One afternoon in the summer of 2014, I stopped in at the Zoar Valley Inn with a friend of mine for lunch. On the “Specials” board was listed a “Jambalaya Salad” & since I love any kind of salad & would always try anything new, I ordered it. I fell in love with it with my first taste & the next time I stopped in, I asked the cook for the recipe. She gladly gave it to me; she said that I was the only person who liked it!
The recipe she gave me came from http://www.recipesource.com/ethnic/americas/cajun/02/rec0273.html. I have to say that Recipesource is one of my favorite recipe websites & I have gotten lots of great recipes from here.
Being New Year’s Eve, I wanted to make something special for the evening that mixed the special foods I wanted to eat (ham, shrimp, something green), but was still light & economical. Jambalaya Salad is perfect for this. It’s also easy to add or delete ingredients as desired. I added pepperoni to the mix this time but I have added cooked polish sausage, medium or large shrimp, or chunked crab meat.
2 cups cooked rice
1/2 cup chopped celery
1/2 cup chopped green pepper
1/4 cup chopped red onion
1/2 cup ham, chopped
6 ounces salad shrimp
3/4 cup Italian salad dressing
6 slices bacon, cooked to crumbly
Combine all ingredients except bacon. Chill at least 30 minutes. Crumble bacon over the salad just before serving. Serves at least 4 people.
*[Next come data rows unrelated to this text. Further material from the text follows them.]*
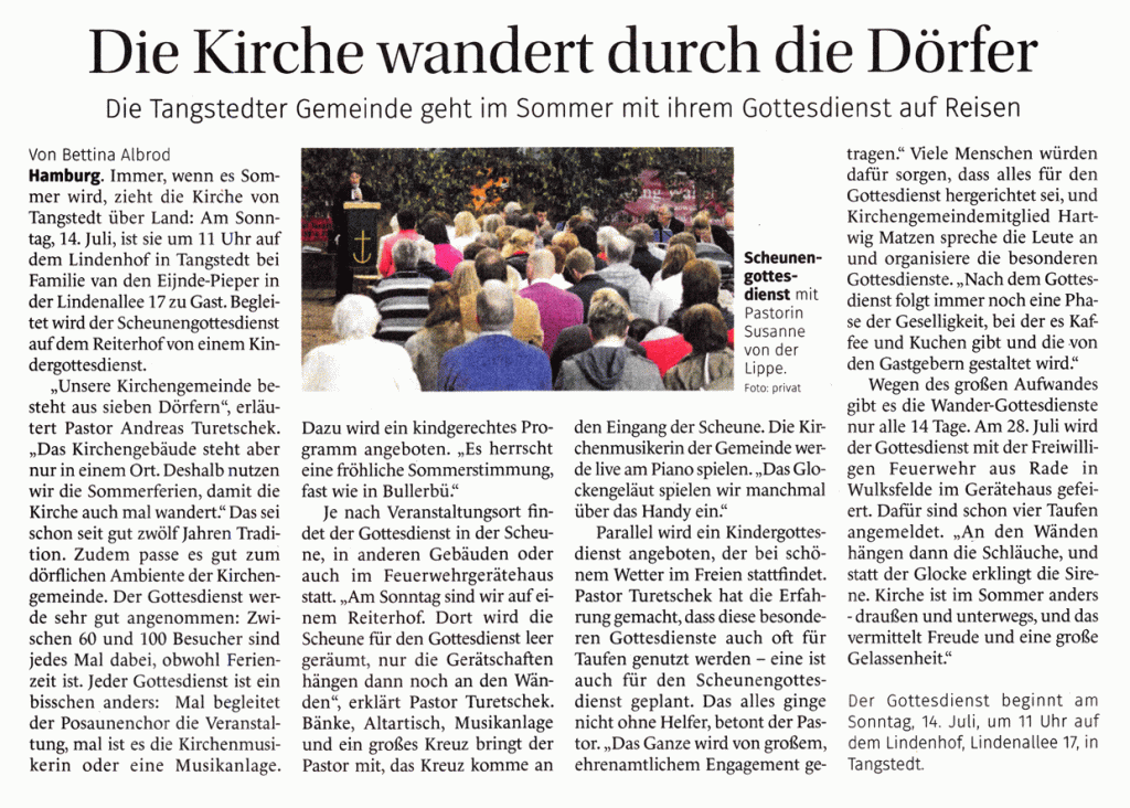 Im April 2019 wurde unser Kindergottesdienstteam in der „Sagen Sie danke“ Aktion vom Hamburger Abendblatt ausgezeichnet!
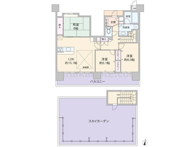 専有面積85.10平米の3LDK。スカイガーデンが付いたプラン。和室以外は南側バルコニーに面しており、キッチンはリビング全体を見渡せる対面仕様。和室は個室に利用したり、引き戸を開放してくつろぎのリビングスペースにするなど色々な用途に使えそ...
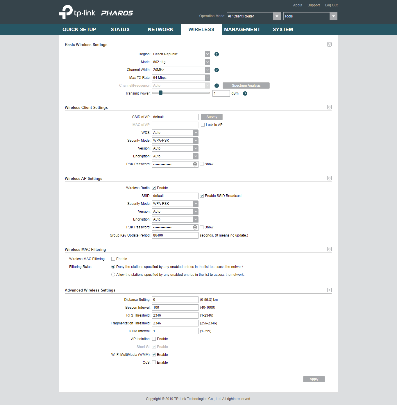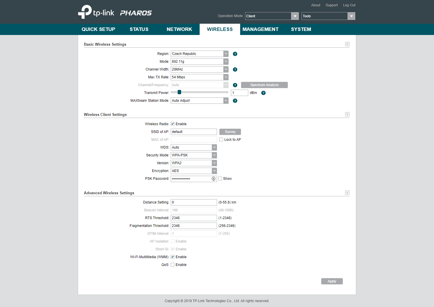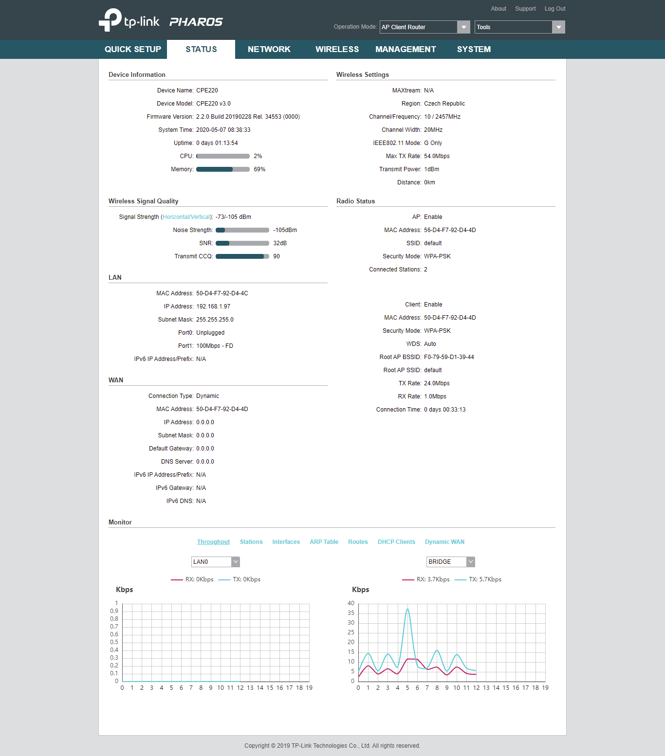 Na Client Router se mi nepodarilo internet rozchodit. Prepnul jsem to na Repeater a jede to. Nejdriv byl internet pres wifi z CPE220 polovicni rychlosti a pres kabel jel na plno. Prepl jsem na 802.11a g n z puvodniho 802.1g na obou CPE a sirku kanalu z 20 na 20/40MHz. Ted to jede jak ma.

Put the cooked rice into a bowl to cool before adding any of the other ingredients. Sometimes I set it out on my porch to “hurry up” the cooling process.
While the rice is cooling, chop up the vegies & the meats & mix them in a bowl.
When the rice is cool, mix in the vegies, the meats, the shrimp, the salad dressing & the seasonings. Cover & chill.
Just before serving, crumble the bacon on top. A few drops of hot sauce is fabulous too!!